Facebook and Dating

Patricia Hrazdilkova

Students here at the school break up more and more using Facebook.

Students that have been broken up with through Facebook are outraged. Taylor Newman, a grade twelve student here atElmira, calls it “juvenile” and “cowardly”, and she was not the only one to say that people who dump over Facebook are just “hiding behind their computers”.

“People are relying too much on technology,” says Newman.“It’s pathetic if you can’t talk face to face,” adds Emily Siroky, another grade twelve student at Elmira. “Especially if it’s someone you’re supposedly dating.”

Áine Davis and Taylor Newman demonstrate a mock break up

However, not all students share this view. There are those who say they would rather not deal with the emotional affair that is breaking up.
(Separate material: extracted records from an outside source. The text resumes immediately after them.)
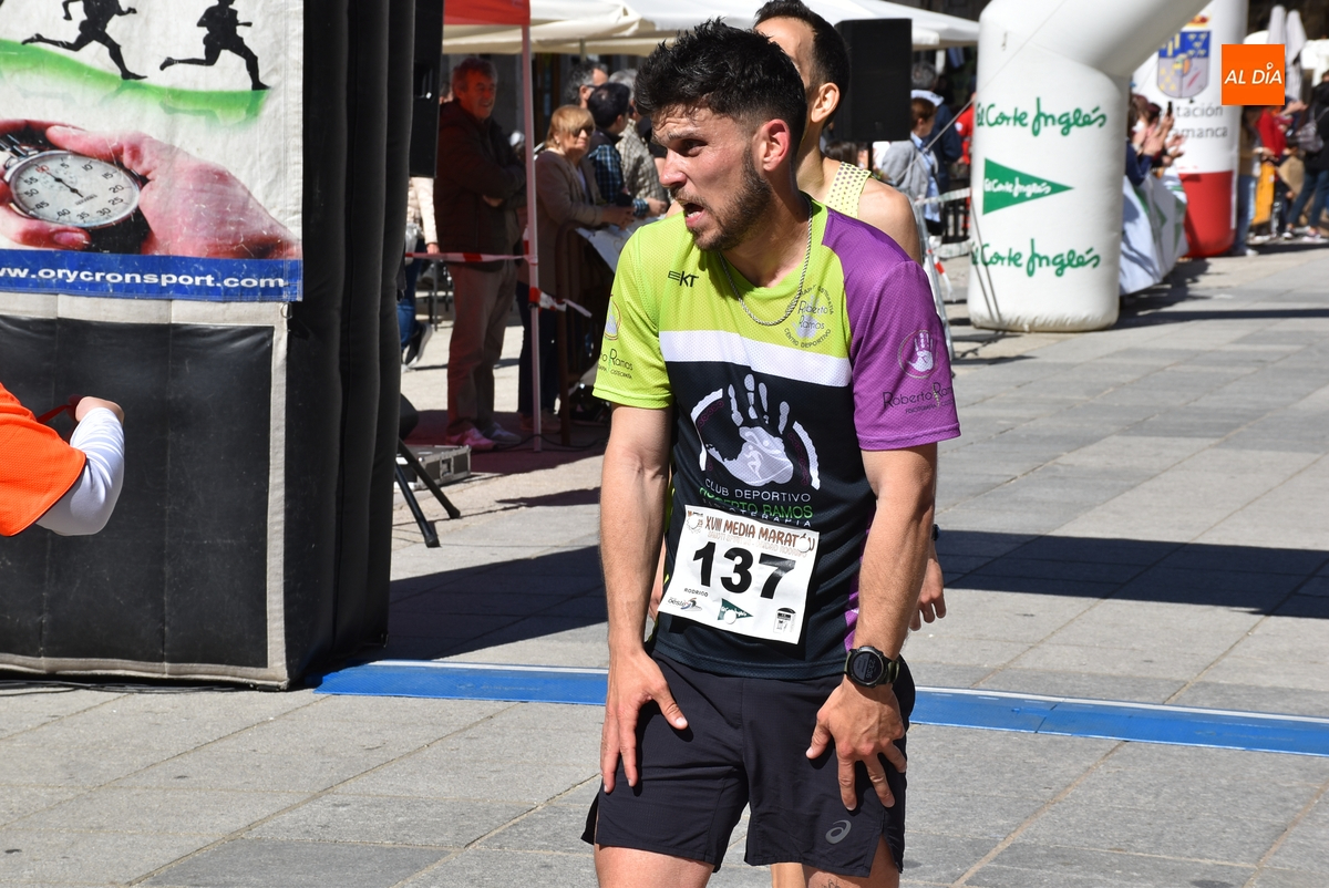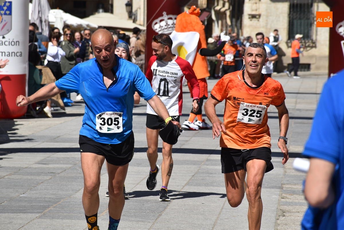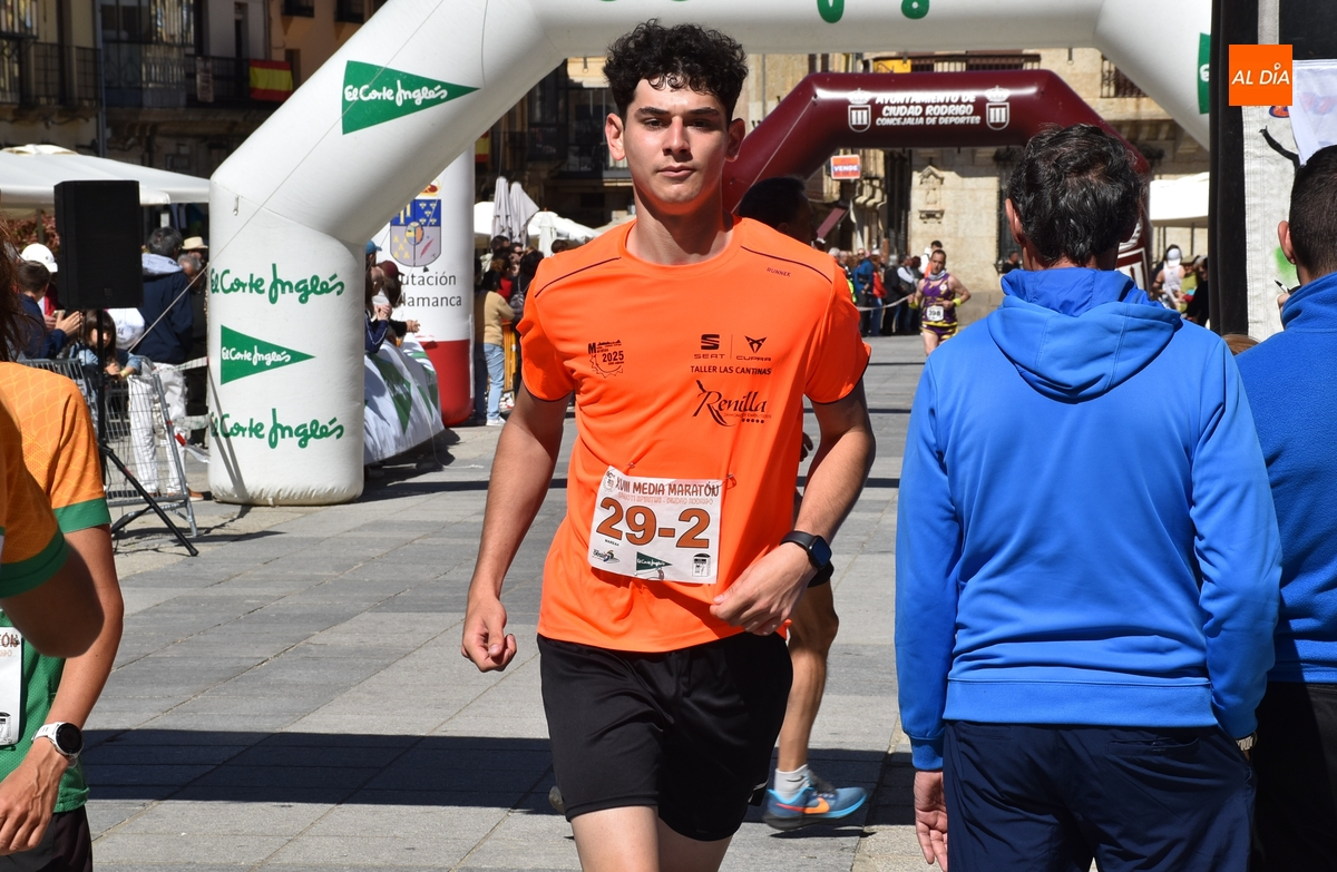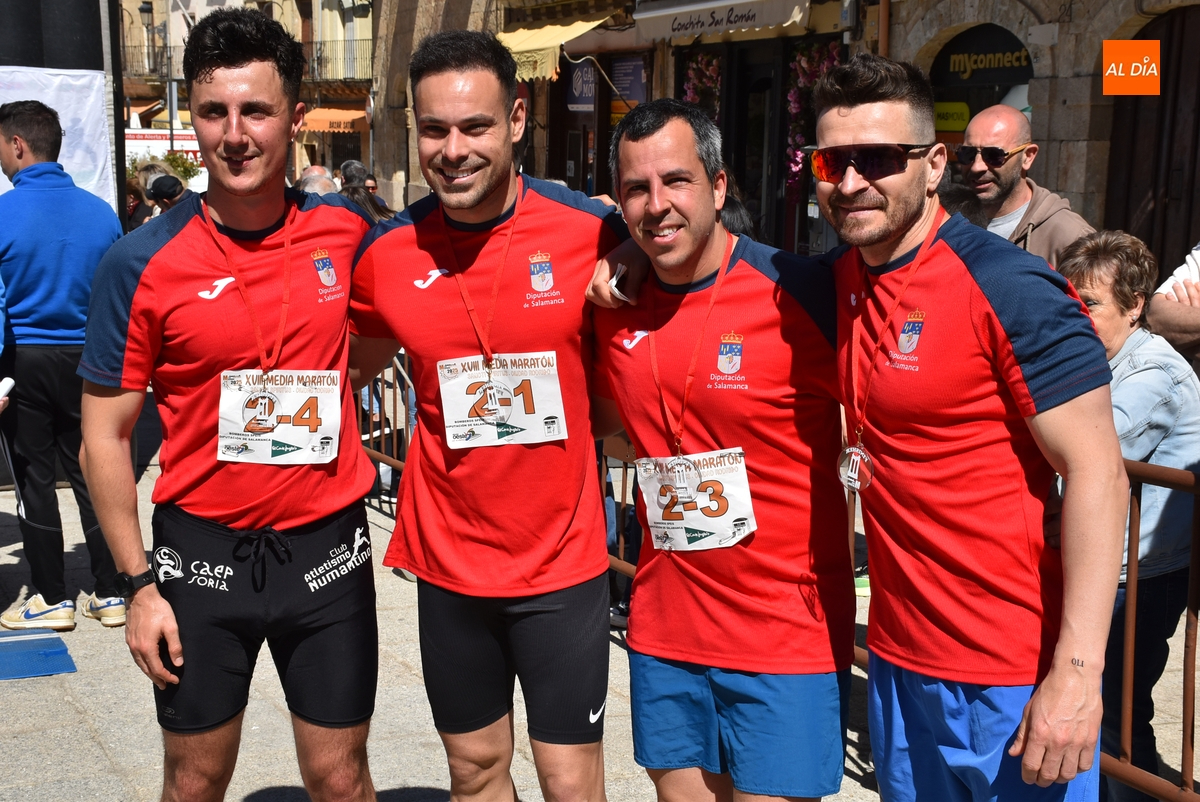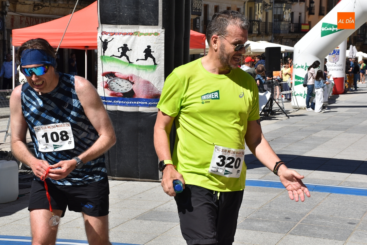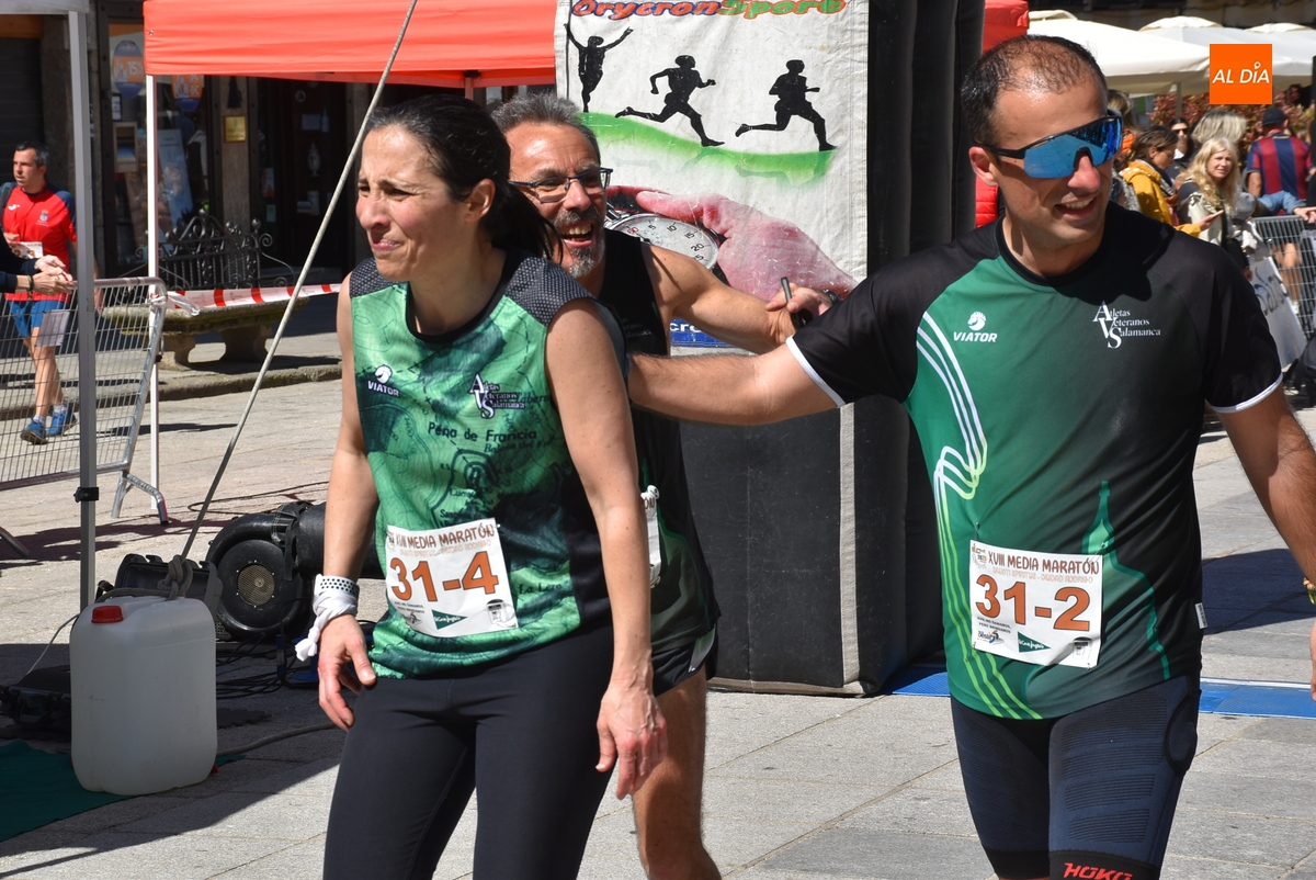 Tras esos primeros clasificados, se inició el clásico reguero de corredores, este año superior al de los últimos años al haber experimentado la Media Maratón un crecimiento en la participación (se ha registrado la mejor marca de inscritos, con un total de 520 -relevos incluidos-, desde antes de la pandemia). Así, la Plaza Mayor de Ciudad Rodrigo estuvo albergando la entrada de atletas durante más de una hora, cruzando la meta varios de ellos ya ‘fuera de control’, al superar las 2h.15’ fijadas como máximo para completar la prueba.
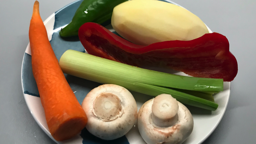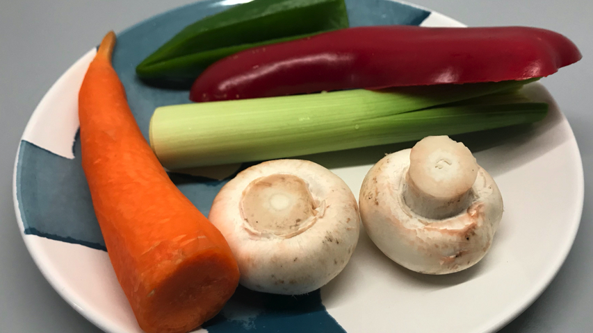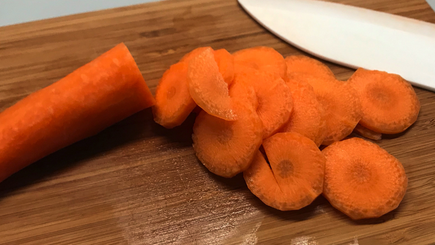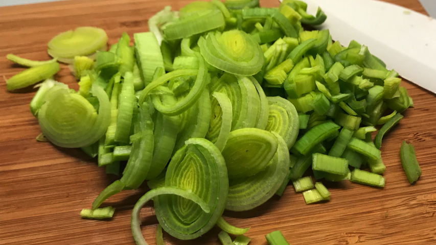 Pela y limpia el resto de verduras. Corta en rodajas finas.
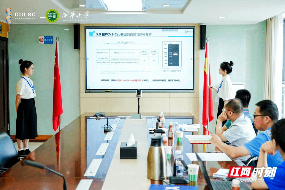 402永利集团生命科学学院高翠翠同学(右)在第八届全国大学生生命科学竞赛(科学探究类)全国总决赛现场答辩。
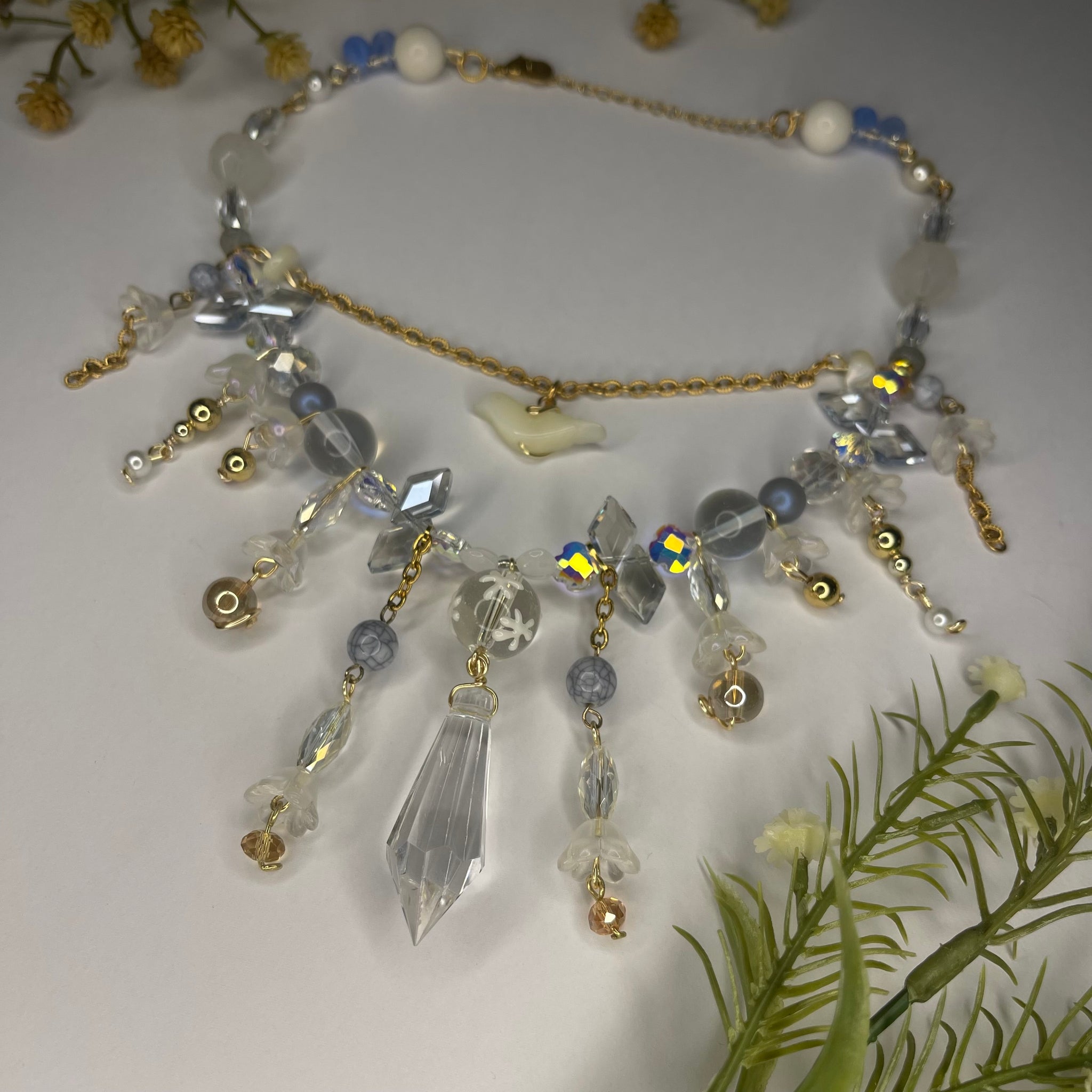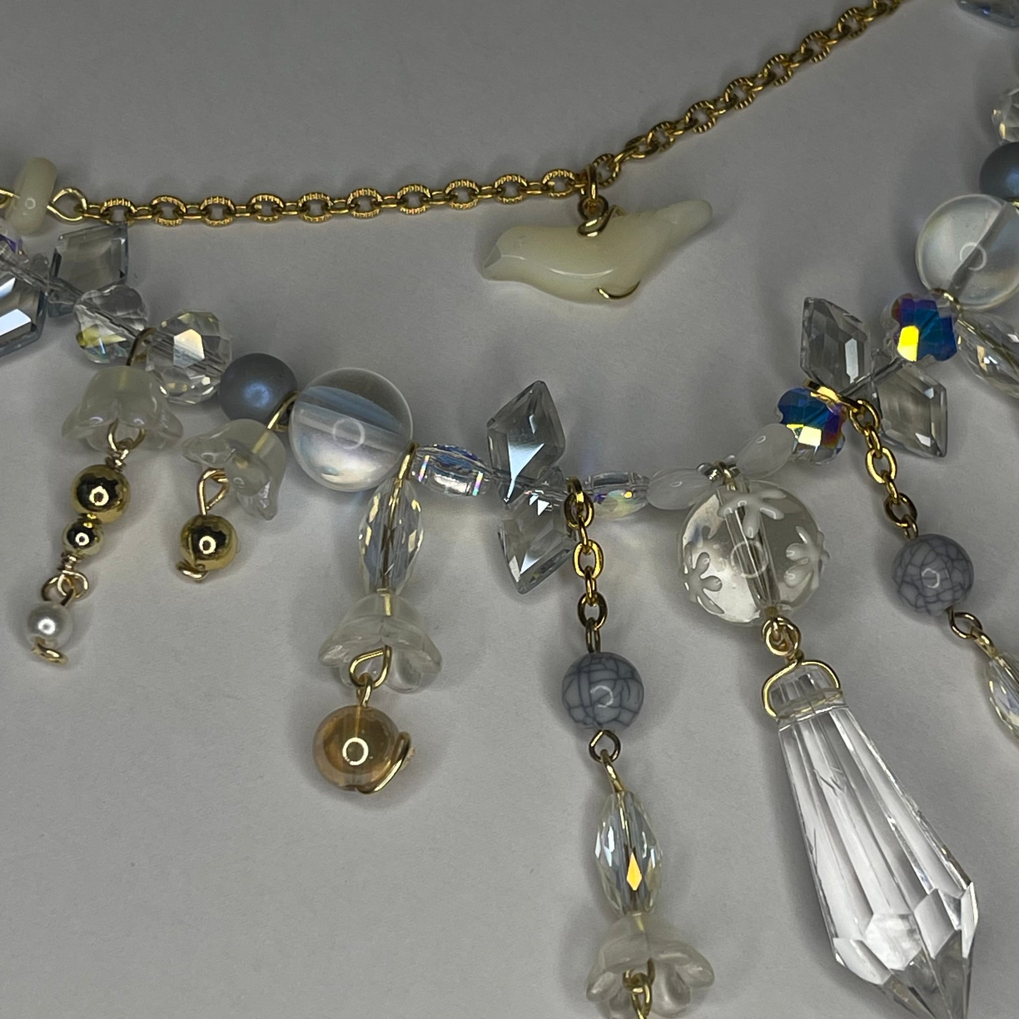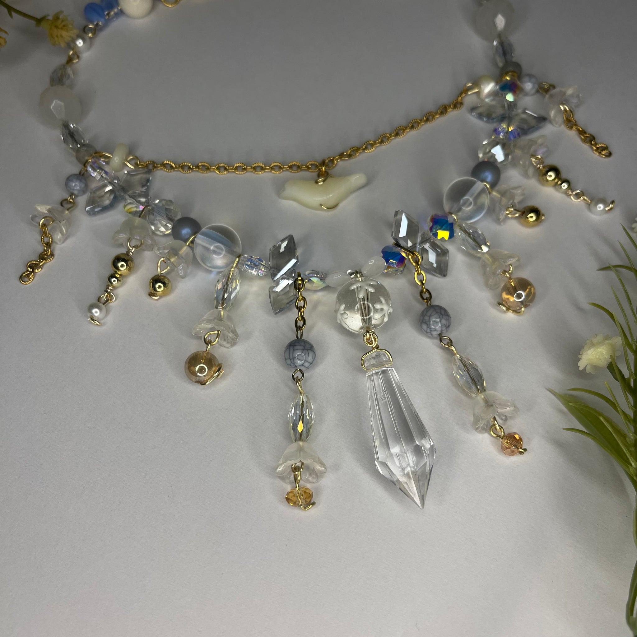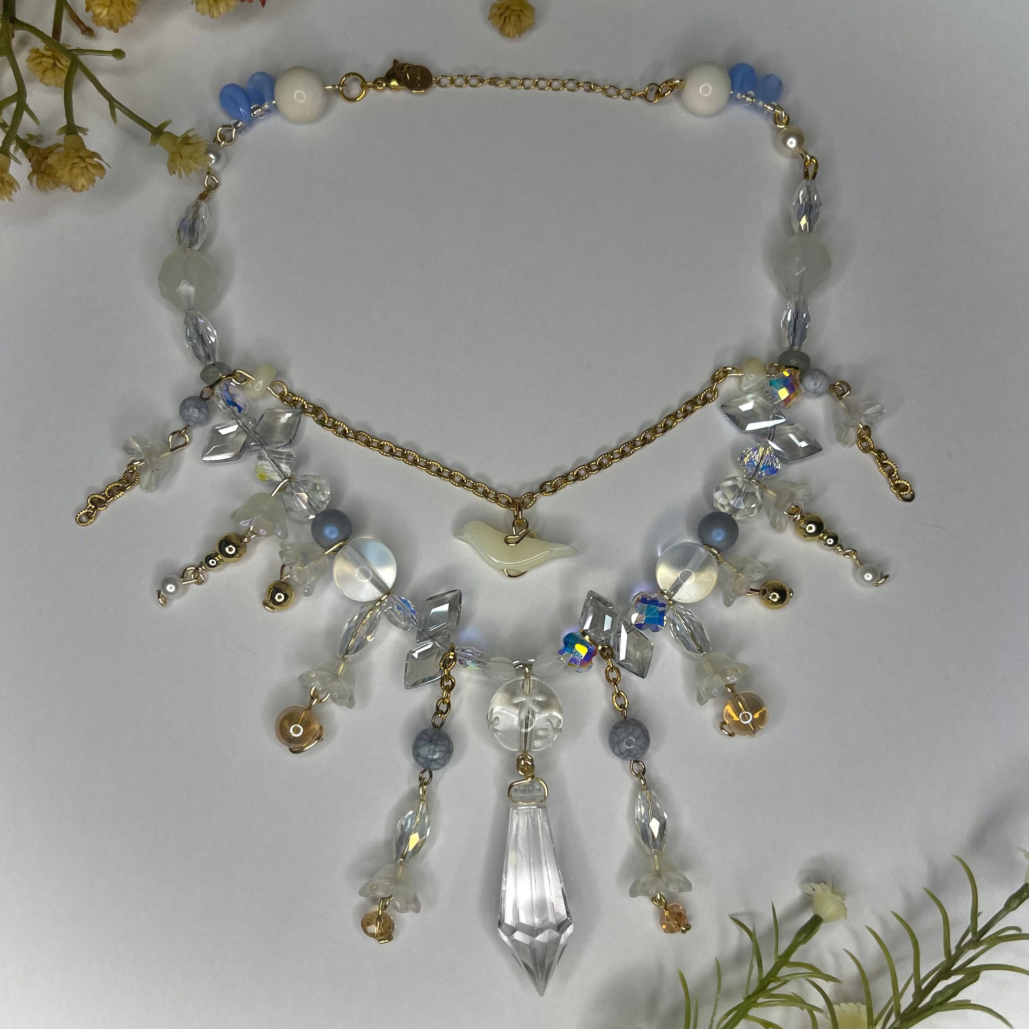 Made with: Glass, Mother of pearl, Clear Quartz, Opal, Stainless steel and blue lapiz.

“I’d rather be broken up with over Facebook than to my face,” claims Shawnee Murray, grade 12. “I wouldn’t want him to see me cry.”

But is this such a great thing? Facebook is becoming a barrier to our emotions. Students can now date and break up without as much as feeling a thing.  

“I couldn’t face him,” says Rachel A Martin, grade twelve. She claims that it was much easier to dump her ex-boyfriend through facebook, not as painful when she didn’t need to see his reaction.“It got rid of the emotion.”

Áine Davis, grade 12, states that this is just what our world is becoming, us living through our technology.

“I think it’s just the way of the future,” she says. “People just need to get over it!”